PROMPT:
Word for word and without images, reproduce the listing that follows.

RECORDED DATA:
----
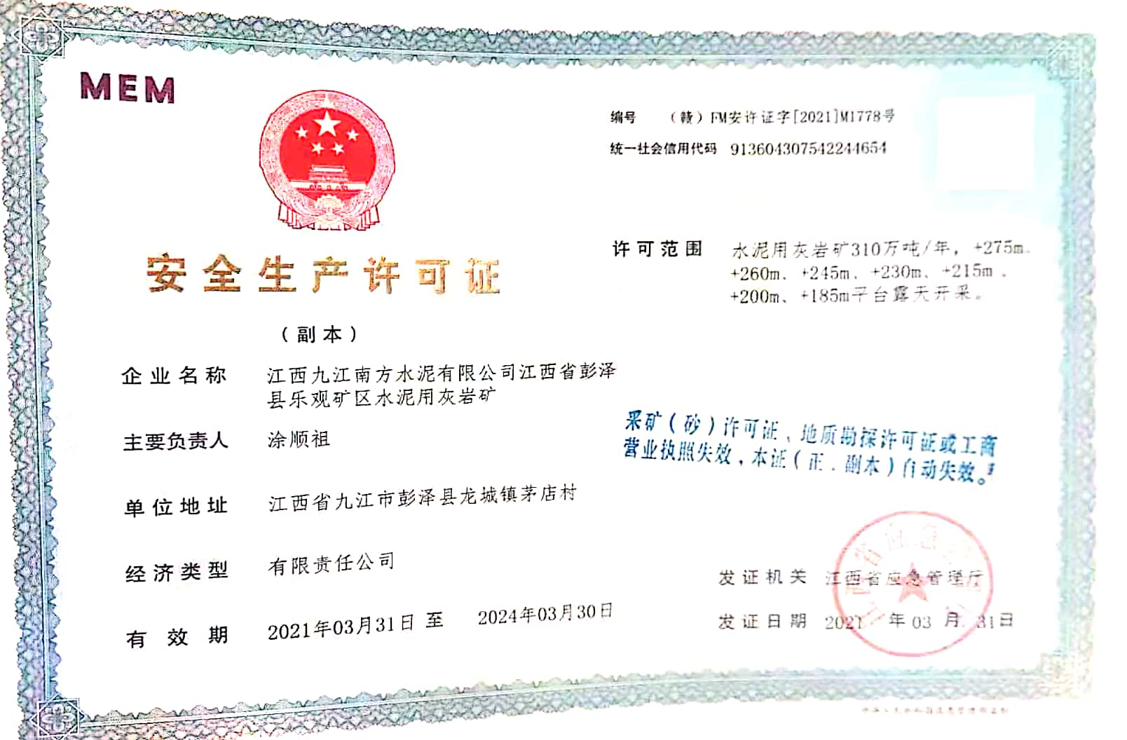 2021年3月31日,由江西省應急管理廳簽發(fā)的《安全生產(chǎn)許可證》如期而至,標志著九江礦安全生產(chǎn)進入新的篇章,未來九江礦會一直遵循公司“安全、環(huán)保、質量、產(chǎn)量、效益”十字方針開展生產(chǎn)工作,越做越好。
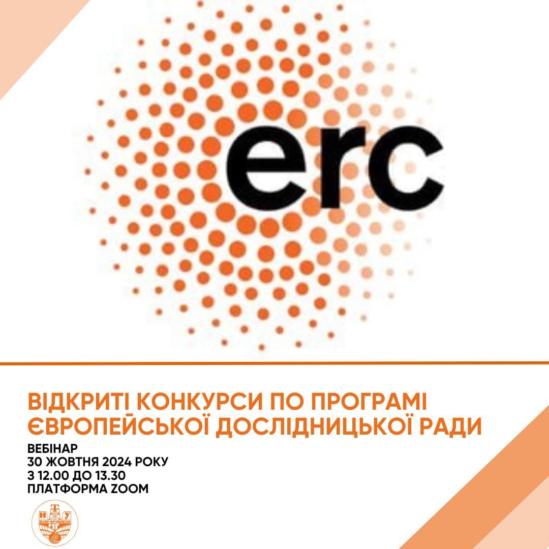 Запрошуємо до участі у вебінарі «ВІДКРИТІ КОНКУРСИ ПО ПРОГРАМІ ЄВРОПЕЙСЬКОЇ ДОСЛІДНИЦЬКОЇ РАДИ»
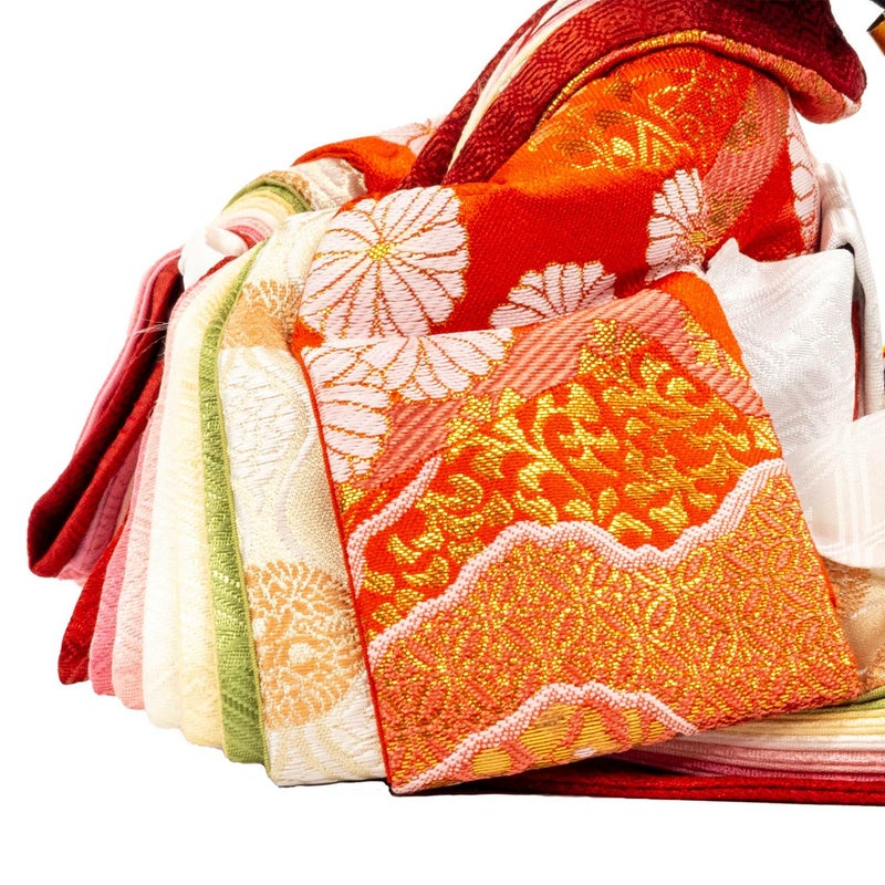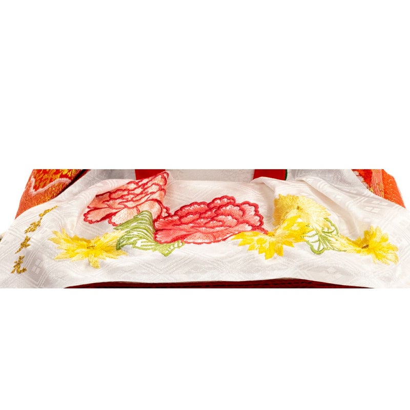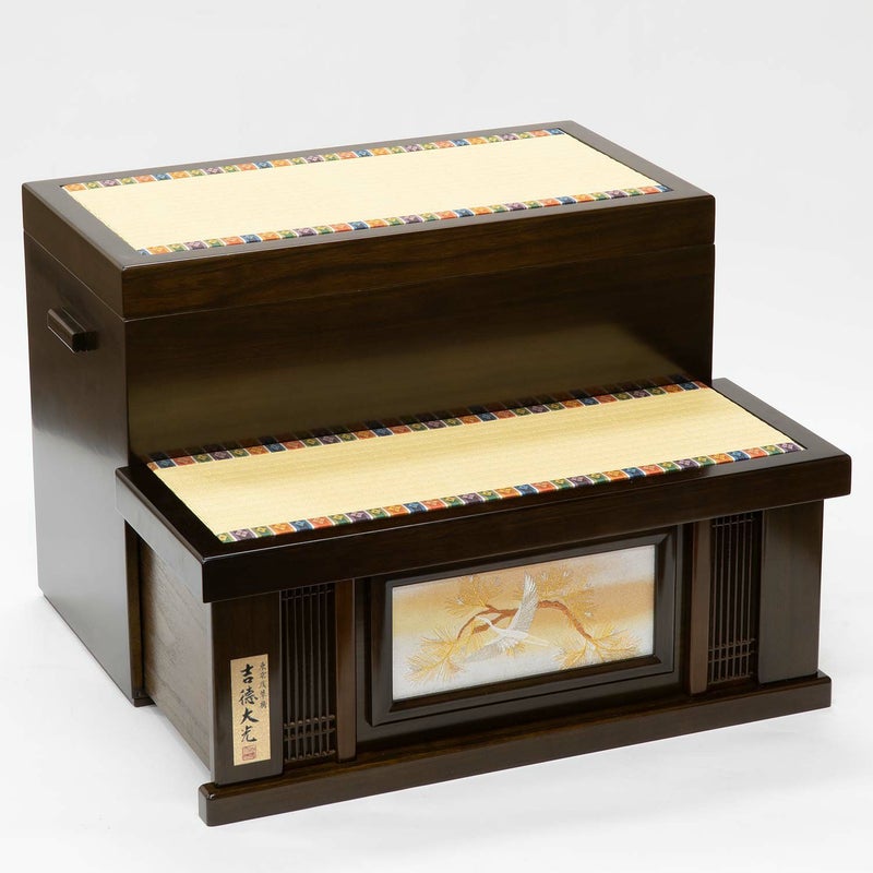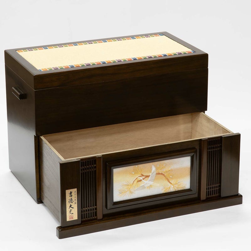 大空に舞い上がる鶴の刺繍が印象的な引き出し式春窓雛三段収納箱飾りです。
----
SOLUTION FOR THIS PROBLEM:
 2021年3月31日,由江西省應急管理廳簽發(fā)的《安全生產(chǎn)許可證》如期而至,標志著九江礦安全生產(chǎn)進入新的篇章,未來九江礦會一直遵循公司“安全、環(huán)保、質量、產(chǎn)量、效益”十字方針開展生產(chǎn)工作,越做越好。
 Запрошуємо до участі у вебінарі «ВІДКРИТІ КОНКУРСИ ПО ПРОГРАМІ ЄВРОПЕЙСЬКОЇ ДОСЛІДНИЦЬКОЇ РАДИ»
 大空に舞い上がる鶴の刺繍が印象的な引き出し式春窓雛三段収納箱飾りです。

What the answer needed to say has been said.